The Late Bronze Age Collapse dont help to sustain the role of iron since...
1- Iron weapons were not yet common or superior to bronze ones, therefore this technology did not produced an opportunity for armies to broke the supposed balance. The change to Iron as predominant metal was later, stimulated by the depleted sources and broken trade networks that provided Bronze.
2- Both negative environmental changes and population migrations are more concise factors, these added to the degraded economy and fragile demography. Also, jump to blame supposed "unethical" bronze age cultures would be a mistake since they had over 2K years under that model.

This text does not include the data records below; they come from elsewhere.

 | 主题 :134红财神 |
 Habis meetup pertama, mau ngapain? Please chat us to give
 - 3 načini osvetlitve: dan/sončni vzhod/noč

The role of the many different groups of peoples invading from the margins of the civilized world is also obvious (these again point to the importance of the study of "iron revolution" in the ethics of tribal peoples). Urban societies already have formal laws and institutions to work in order, the chaotic element is easier to be found in the influx of barbarian newcomers.

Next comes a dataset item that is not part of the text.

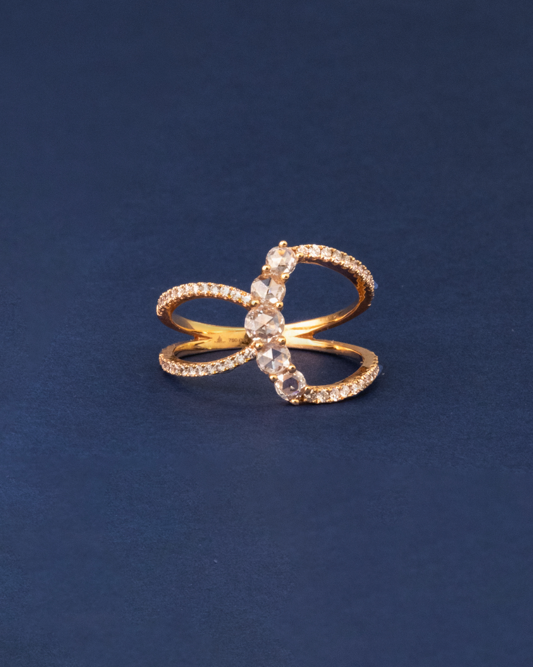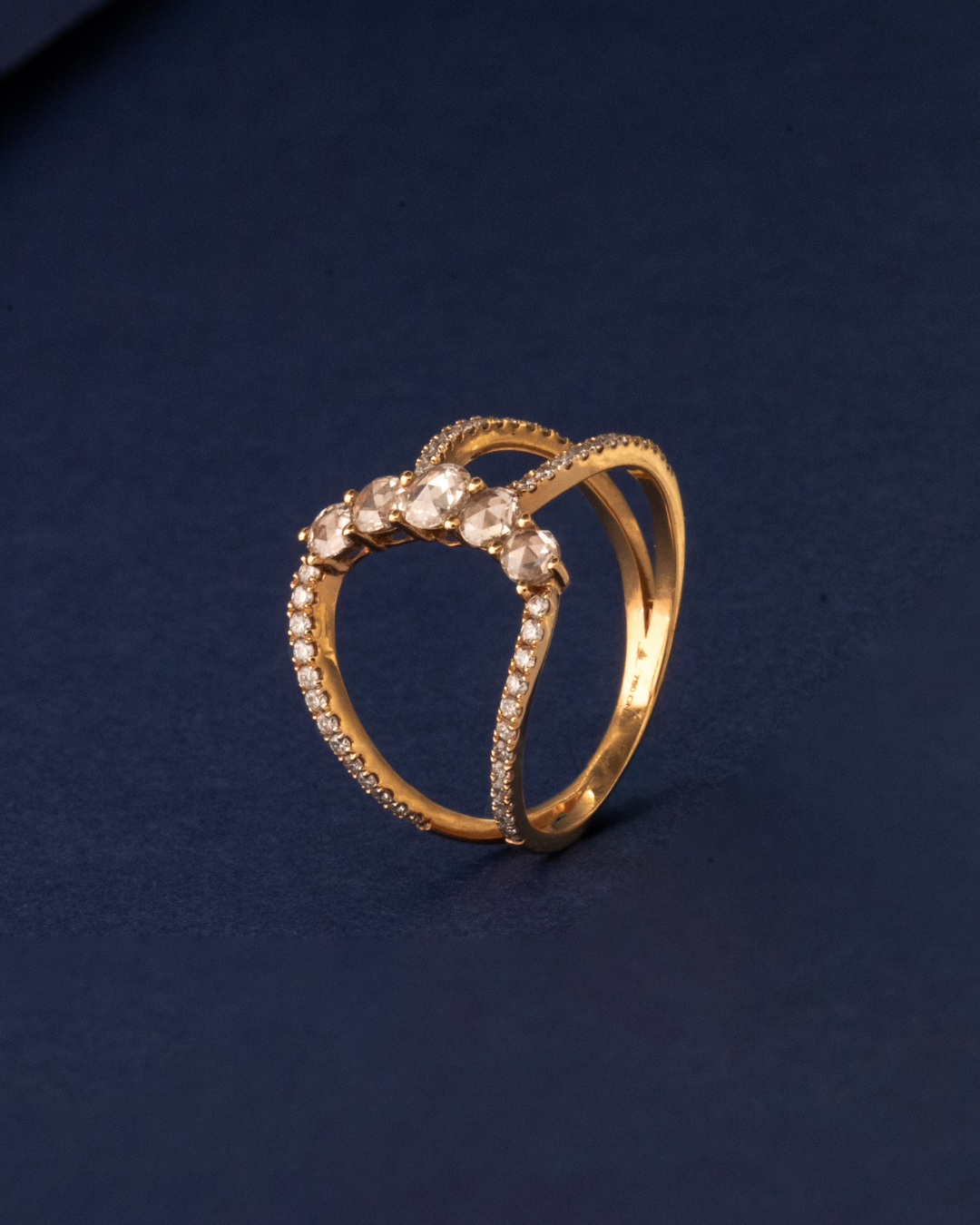 Crafted in 2.75 grams of 18K rose gold, this ring combines delicate elegance with intricate brilliance. Fifty-two round-cut diamonds, totaling 0.297 carats, form a shimmering foundation, while five rose-cut diamonds totaling 0.49 carats add vintage-inspired charm and a soft, romantic glow. Each diamond is selected for SI1 clarity and GH color, ensuring a harmonious sparkle that beautifully complements the warm hue of the rose gold.

In other words, the version of immutable ethics contradicts elementary logic. In science, such hypotheses are naturally not considered as an alternative – otherwise, you can endlessly refute anything.
The point is not if ethics change, is to determinate the weight of the introduction of iron for such changes. Overrate one element generalizing without solid proofs also contradicts science. There are not objetive universality, synchrony or magnitude in the role of iron for these changes.

It is curious how the mechanism, clearly visible for some weapon revolutions, could not work in the case of iron – despite the fact that for some reason there was no total self-genocide.
Demostrate that "some reason" is needed, not every technological change have the same effect or weight, others factor could be more relevant. By the way show me an study that compare the level of possible "genocide efficiency" between Bronze and Iron societies, and these vs for example different innovations in guns.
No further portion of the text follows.